Die für heutige Sehgewohnheiten filigrane Optik setzt sich konsequent in schmal bereiften Laufrädern, schlankem Cockpit und Sattelstütze, vom Mini-Scheinwerfer bis zu den dünnen Stahlrohren des Tubus-Trägers fort. Nicht einmal 14 Kilo wiegt das T-700, auch ein Verdienst der teuren, sortenreinen XT-Komponenten und der leichten Magura HS22-Felgenbremse. Die hat die Fahrradmanufaktur noch einmal sinnvoll getunt: Booster-Bügel verhindern, dass Bremskraft der extragriffigen, roten Beläge in Rahmenverwindung verpufft. Damit liegt die HS22 fast auf dem Level einer guten Disc! Mit der XT-Schaltung braucht man selbst Berge nicht zu scheuen, die 35er-Reifen limitieren allerdings auf feste Fahrbahnoberflächen.

Stahl als Werkstoff ist so stabil, dass man auf ein Wechselschaltauge getrost verzichten kann.

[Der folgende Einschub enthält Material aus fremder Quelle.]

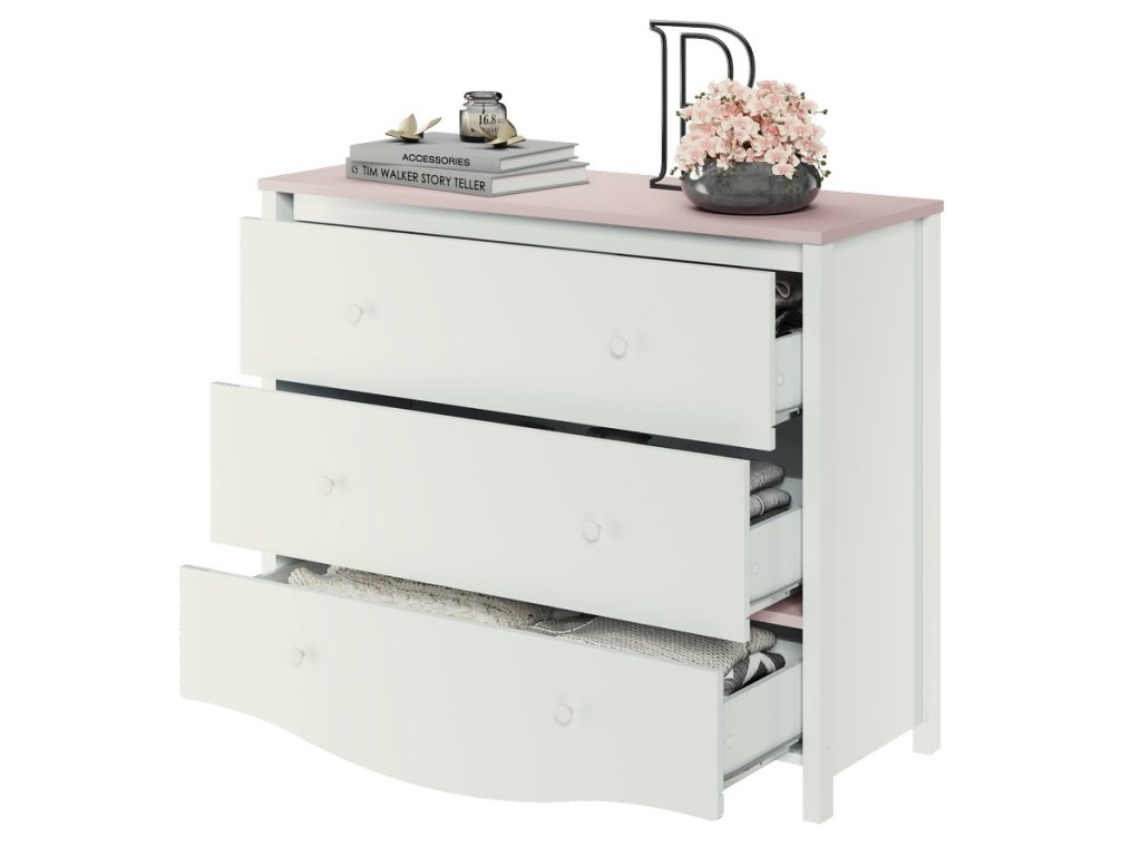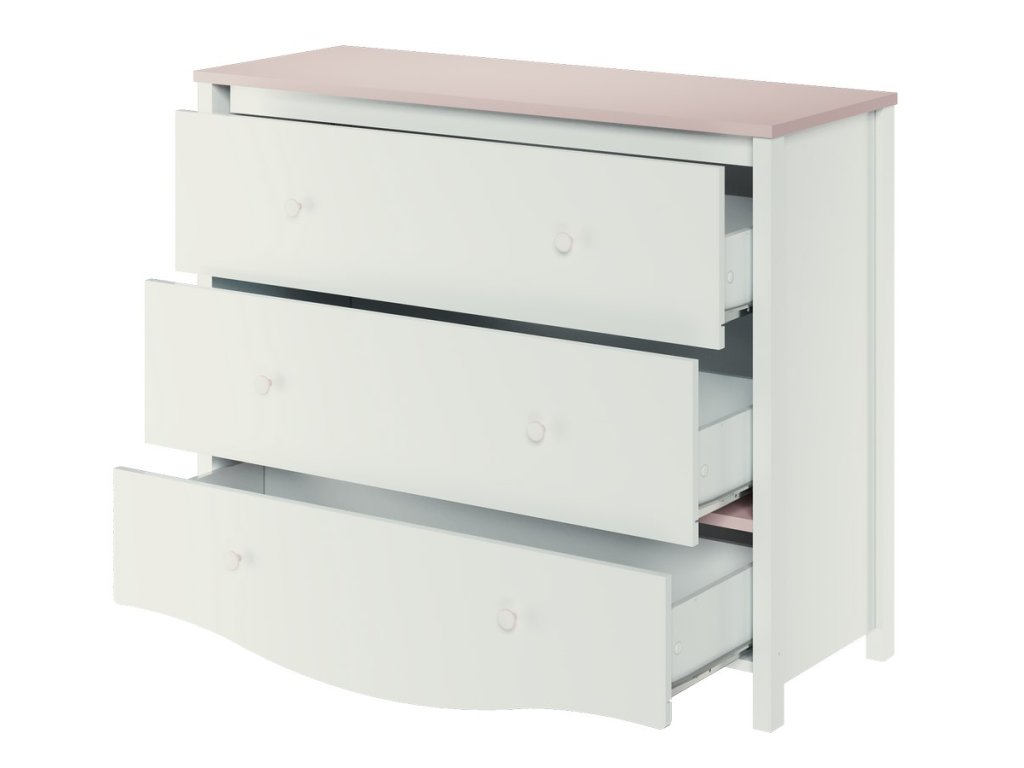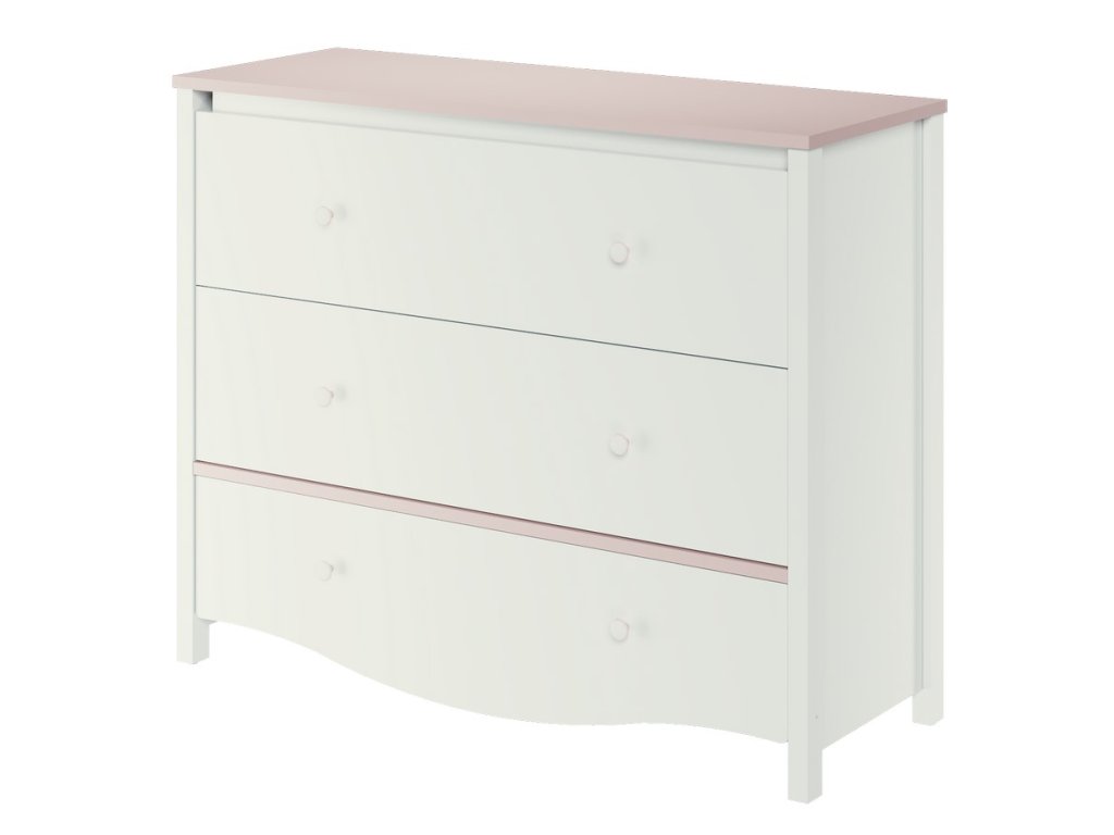 Komoda MI-16. Komoda má 3 zásuvky. Nábytek je vyrobený z kvalitního lamina ohraničené ABS páskou, dolní část velké zásuvky je vyřezaná do obloučku. Komoda je v barvě bílé a růžové. V naší nabídce najdete mnoho dalších prvků této sestavy a tento široký výběr Vám zaručí sestavit si útulný dětský pokoj. Dodáváme v demontovaném stavu.
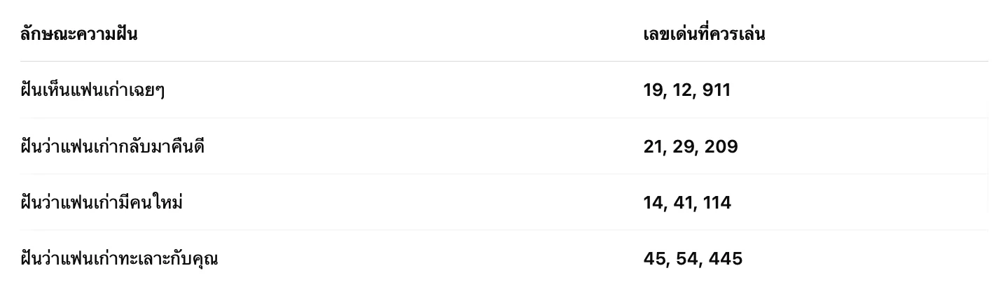 สรุป: ฝันเห็นแฟนเก่า ควรตีเลขอะไร?

Auf Schotter und Kies verlieren sie an Spurführung. Riser-Lenker und steiler Vorbau hieven das Cockpit auf Sattel-Höhe, abwärts bleiben drei Spacer Spielraum, um sportlicher zu sitzen. Das T-700 vereint Nachhaltigkeit, Solidität und eine Portion Spritzigkeit, die echten Fahrspaß generieren. Auch hier stören Lichtkabel in Kabelbindern die Taschenhaken an der Trägerstrebe.

Plus:

  • Praktisch, funktional, ästhetisch – und leicht!

Minus:

  • Schmale Reifen schränken ein auf Asphalt und gute Böden;
  • nur Klemm-Parkstütze

Die Modellgeschichte:

In den ersten beiden Fahrradmanufaktur-Modellen "Das Rad" und "Das ATB" steckte bereits 1987 das heutige T-700. Damals waren engagierte Radler dankbar für die langlebigen, soliden Räder aus der selbstverwalteten Fabrik in Oldenburg: Es gab kaum gute Qualität am Alltags- und Tourenrad zu kaufen, die VSF-Modelle wurden aus dem Stand zu Bestsellern. Nachhaltigkeit bei hoher Qualität und eine definitiv nicht vorhandene Trend-Hörigkeit sorgen noch heute für eine treue Kund- und Händlerschaft.

Alle Klassiker-Modelle im Überblick: Hier geht’s zum Test "Die Unsterblichen"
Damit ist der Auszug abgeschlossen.